Security
Overview
Frontend security is about protecting users, sessions, and data handling at the client boundary.
Why It Matters
Frontend mistakes can expose tokens, leak data, or weaken trust even if the backend is secure.
Core Concepts
- Do not trust client input.
- Treat sensitive data carefully in memory and logs.
- Understand the security implications of redirects, auth, and third-party scripts.
Mental Models
Think about what the attacker can see, modify, or replay from the browser.
Best Practices
- Keep secrets off the client when possible.

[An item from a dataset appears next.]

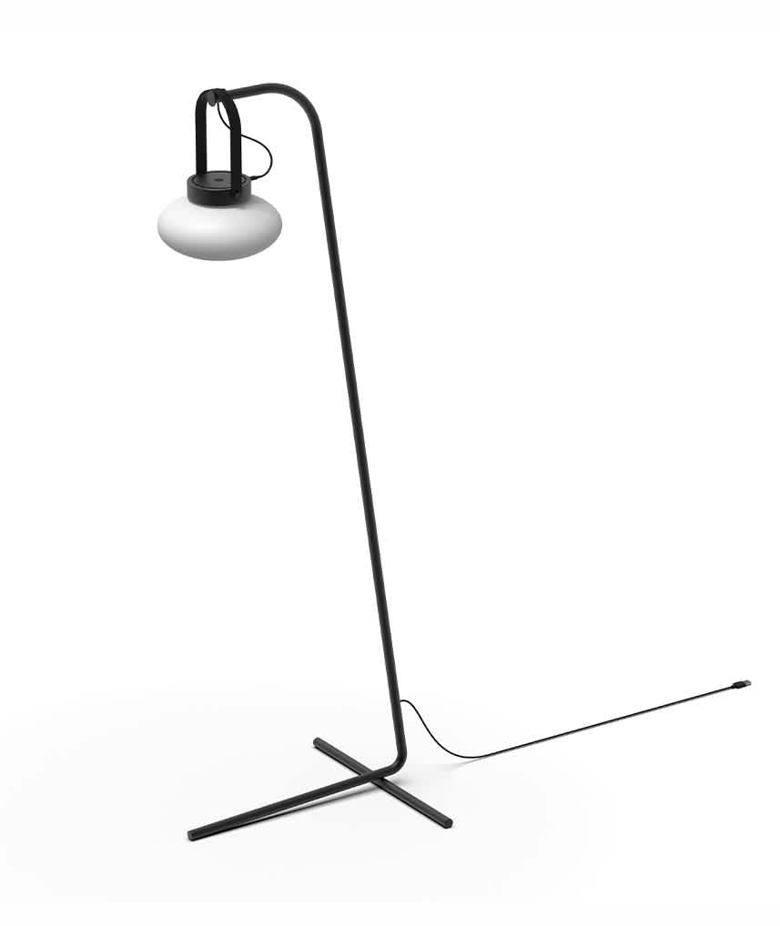 粉体塗装されたスチールフレーム、シリコンハンドル、ガラスシェード。

- Sanitize or escape untrusted content.
- Review dependencies and script sources.
Common Mistakes
- Putting secrets in frontend code.
- Trusting client-side validation alone.
- Overlooking XSS, CSRF, or open redirect issues.
Trade-offs
More security checks can slow development slightly, but the cost of a leak or exploit is much higher.
Decision Framework
| Risk | Response |
|---|---|
| Sensitive token | Keep server-side if possible |
| User-generated content | Sanitize and escape |
| Third-party script | Review and limit scope |
Examples
- Never expose API secrets in client-side code.
- Validate redirect targets to avoid open redirect bugs.
Checklists
- Are secrets excluded from the client bundle?
- Are untrusted inputs sanitized or escaped?
- Are auth and redirect flows reviewed for abuse?
Senior Engineer Notes
Senior engineers assume the browser is not a trusted environment. They minimize exposure instead of trying to patch everything after the fact.